I changed the 1kohm resistor to 2 ohm and charging takes still a long time, however I can measure (with multimeter) that voltage increases for example from 0.40V to 0.41V in 5seconds.

Don't forget that Arduino output pins can safely supply only about 20 mA of current. More and you will burn it out, eventually.

...so how am I suppose to change the resistor then from 10k ohm to 0 kohm? I did not try this because I fear a electrical short. But isnt 20mA from the arduino pin a little bit too low?

Right! You do not want a short. The absolute maximum rating for an Arduino output pin is 40mA, and from Ohm's Law, 5V /0.04A = 125 Ohms. That's the MINIMUM resistance you should use. 2 Ohms is essentially a short on the Arduino's output... You'll draw excess (unspecified) current and the output voltage will drop. Your Arduino will overheat and can potentially be damaged, and your capacitance measurements will be useless. (After the capacitor is charged the current will drop to zero.)
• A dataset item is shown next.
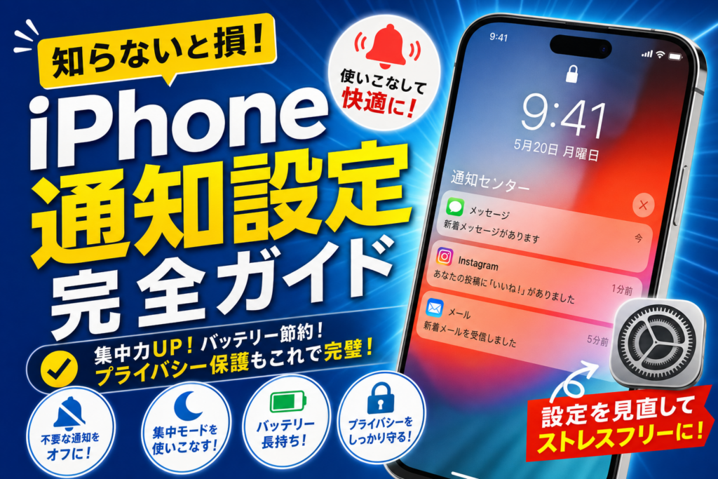 iPhoneの通知設定を徹底解説。アプリごとの通知オン/オフ、バナー表示の変更、通知センターの整理方法、集中モード活用まで、邪魔な通知をスッキリ管理する方法をすべて説明します。 -
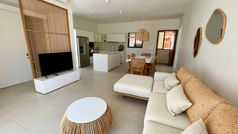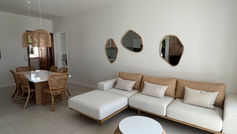 With two en-suite bedrooms and a stylish open-plan living area, it opens onto two expansive terraces — perfect for sunbathing, sea-gazing, or dining with extraordinary ocean views.

1K will probably work but you might need to give it more time.

Now I wanted to do the same with two 100 F / 2.7 V super caps. I placed both caps in series to be able to run 5V through them (in this case my max. capacitance should be around 50 F).

There's nothing wrong with your theory... But in the real world, the capacitances won't be equal and the leakage resistance won't be equal. That means the voltage will not divide equally and you may end-up with most of the voltage across one capacitor. You can check that by applying 5V (assuming you have a multimeter).

You can equalize the voltage by putting equal-value resistors across the capacitors (to make a voltage divider). 10M or 1M resistors will probably work depending on the leakage resistance of the capacitors. The resistors will tend to discharge the capacitors and in some applications that might be an issue. (In the real world, you almost never see capacitors in series.)

How would you guys charge the two 100F 2.7V caps at 5V in a fast way? Lets say I want to use my 5v/40a power supply. Just charge it with a 1k resistor?

If you charge them with a 1k resistor, you've already calculated that it takes 50,000 seconds to charge to 63% or just under 14 hours. Hardly fast. It takes about 5 times that to charge to within a percent or two of the charging voltage.

Are you attempting to measure capacitance, or just charge them?

If just charge them, I'd find out the maximum safe charge current, then use a power supply with current limiting. Set the current limit to no more than 80% of the maximum safe charge current, and the voltage to 5V. No resistor necessary. It should then charge at a constant rate to 5V.

So say 50F with 2A of charge current. 1F with 1A applied rises 1V per second.

So 50F slows that by a factor of 50, 2A speeds it by 2, and charging to 5V slows it by 5. Therefore 50x5/2 = 125 seconds.

You can use this method to measure high capacitance this way, using a constant current source and measure how long it takes to change the voltage by 1V.

Just don't power this from the Arduino's 5V line.

Thanks, I see. My problem is I will have to look for a constant current source as my 5v/40 power supply probably will supply too much current to the capacitors.

I was just looking for a way to 1. be able to monitor the charge state of the capacitors and 2. charge them at the same time.

The charge state is measured by measuring the voltage.

Put a resistor in series with the cap to limit the current flow into them.

And instead of powering parts directly, use a boost circuit to suck all the juice out of the cap to make 5V.

LTC3525fb voltage_boost.pdf (541 KB)

With that much capacitance (100F?), you should use an external supply.

And then hook the 5V regulated line to an Arduino input pin so it can detect when the input power goes away and it's running on the stored power.